| Records |
▼

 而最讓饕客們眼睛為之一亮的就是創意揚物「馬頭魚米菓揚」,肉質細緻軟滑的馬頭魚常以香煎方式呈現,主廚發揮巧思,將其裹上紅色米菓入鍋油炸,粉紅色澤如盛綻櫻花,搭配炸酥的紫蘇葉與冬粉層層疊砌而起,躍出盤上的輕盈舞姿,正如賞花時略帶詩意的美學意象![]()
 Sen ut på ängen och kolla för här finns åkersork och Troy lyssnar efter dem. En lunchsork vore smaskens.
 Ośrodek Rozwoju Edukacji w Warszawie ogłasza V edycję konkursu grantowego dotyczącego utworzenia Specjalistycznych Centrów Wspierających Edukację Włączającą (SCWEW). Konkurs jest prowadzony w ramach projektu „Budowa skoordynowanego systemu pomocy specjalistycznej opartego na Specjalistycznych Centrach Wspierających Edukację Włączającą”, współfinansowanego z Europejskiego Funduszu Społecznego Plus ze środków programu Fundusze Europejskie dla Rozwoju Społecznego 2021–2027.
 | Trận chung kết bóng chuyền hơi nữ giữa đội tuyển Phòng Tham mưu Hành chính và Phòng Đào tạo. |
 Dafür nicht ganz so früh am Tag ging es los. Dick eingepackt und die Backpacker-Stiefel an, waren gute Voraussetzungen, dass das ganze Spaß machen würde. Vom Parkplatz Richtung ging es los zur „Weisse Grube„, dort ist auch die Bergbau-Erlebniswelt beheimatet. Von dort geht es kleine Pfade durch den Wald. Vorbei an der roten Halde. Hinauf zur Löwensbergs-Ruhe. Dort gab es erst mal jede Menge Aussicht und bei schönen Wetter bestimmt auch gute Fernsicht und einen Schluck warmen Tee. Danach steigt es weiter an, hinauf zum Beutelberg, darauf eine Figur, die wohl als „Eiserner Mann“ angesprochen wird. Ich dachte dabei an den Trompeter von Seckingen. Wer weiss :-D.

▲
▼

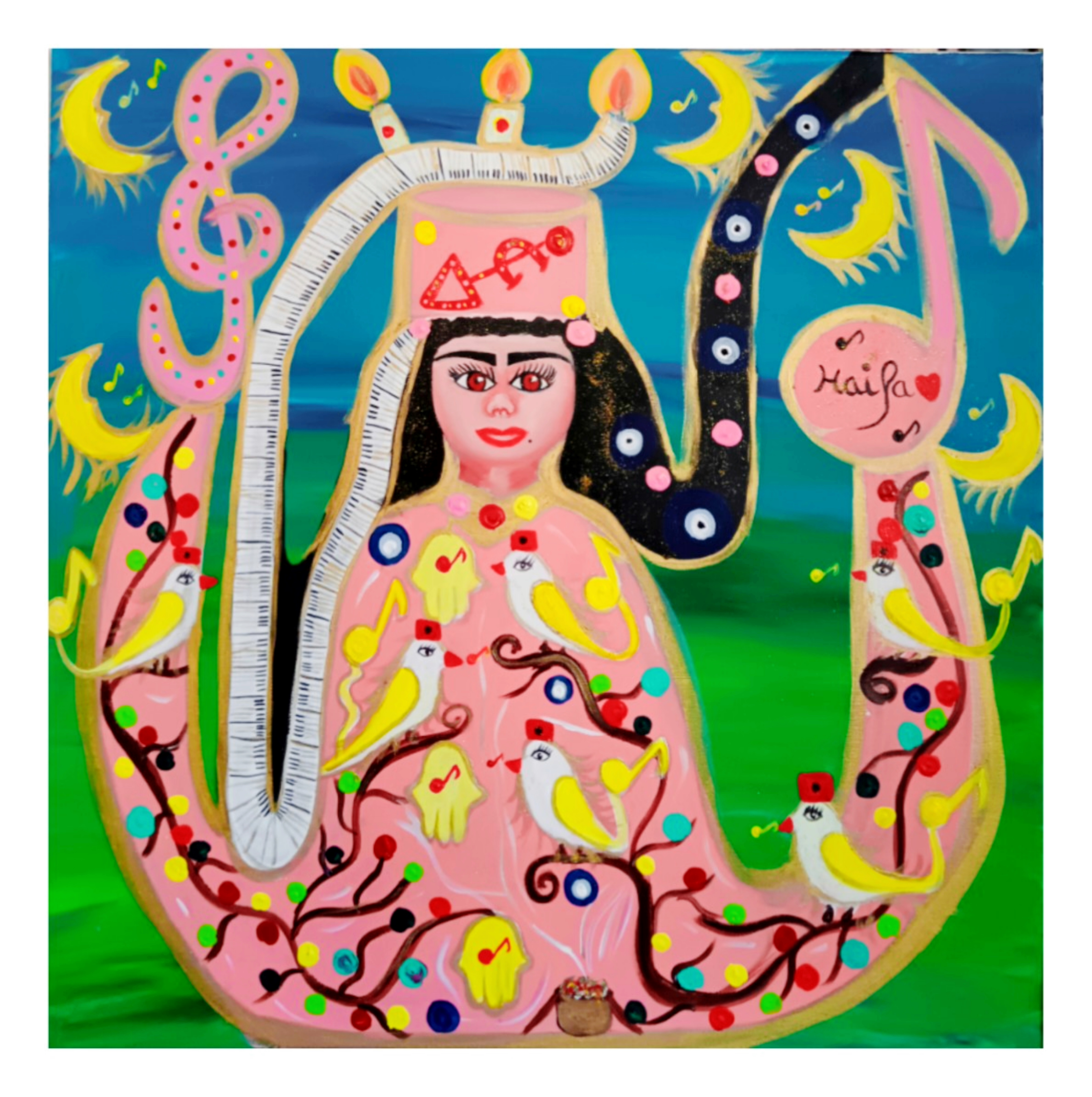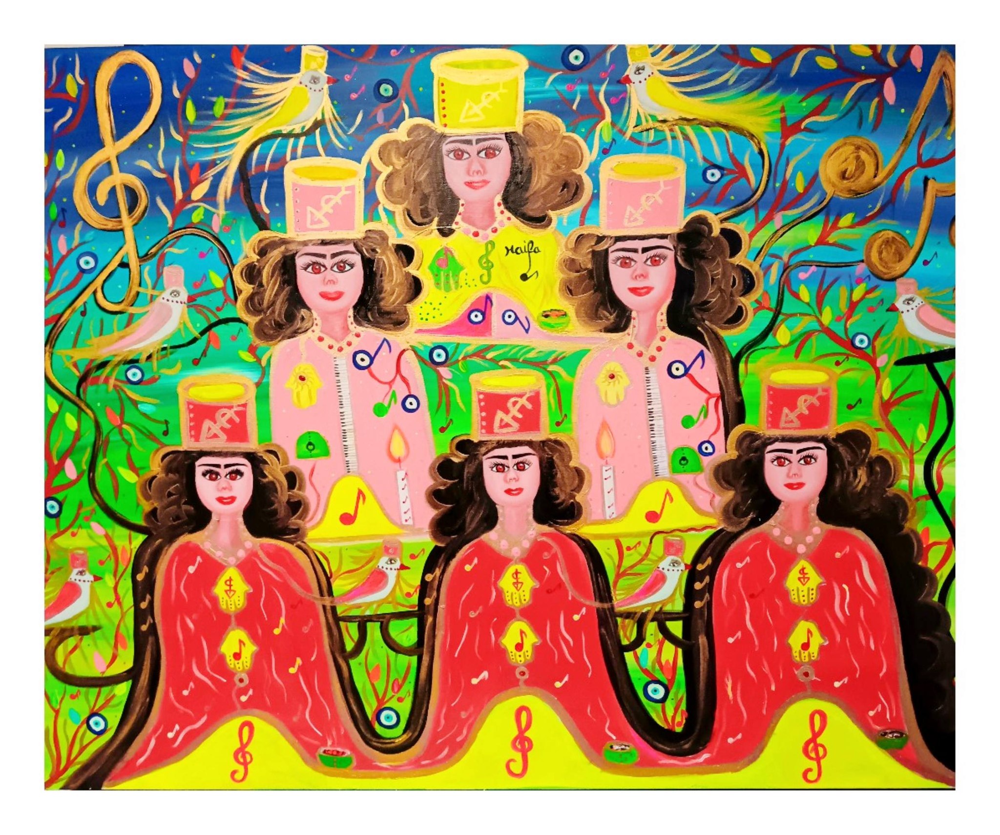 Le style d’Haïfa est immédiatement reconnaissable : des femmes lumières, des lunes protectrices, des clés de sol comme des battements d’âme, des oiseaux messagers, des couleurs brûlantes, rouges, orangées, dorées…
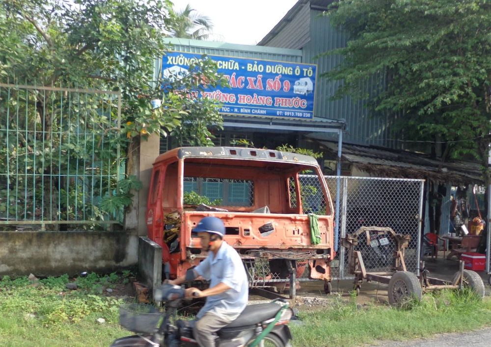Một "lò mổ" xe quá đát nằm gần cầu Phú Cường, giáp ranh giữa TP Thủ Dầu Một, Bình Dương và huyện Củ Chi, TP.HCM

▲

| Task requirements |
Which lines above run from the one containing "Phòng Đào tạo. |" to the one containing "Dafür nicht ganz"? Give them again exactly, both ends included.

| Answer to the exercise |
 | Trận chung kết bóng chuyền hơi nữ giữa đội tuyển Phòng Tham mưu Hành chính và Phòng Đào tạo. |
 Dafür nicht ganz so früh am Tag ging es los. Dick eingepackt und die Backpacker-Stiefel an, waren gute Voraussetzungen, dass das ganze Spaß machen würde. Vom Parkplatz Richtung ging es los zur „Weisse Grube„, dort ist auch die Bergbau-Erlebniswelt beheimatet. Von dort geht es kleine Pfade durch den Wald. Vorbei an der roten Halde. Hinauf zur Löwensbergs-Ruhe. Dort gab es erst mal jede Menge Aussicht und bei schönen Wetter bestimmt auch gute Fernsicht und einen Schluck warmen Tee. Danach steigt es weiter an, hinauf zum Beutelberg, darauf eine Figur, die wohl als „Eiserner Mann“ angesprochen wird. Ich dachte dabei an den Trompeter von Seckingen. Wer weiss :-D.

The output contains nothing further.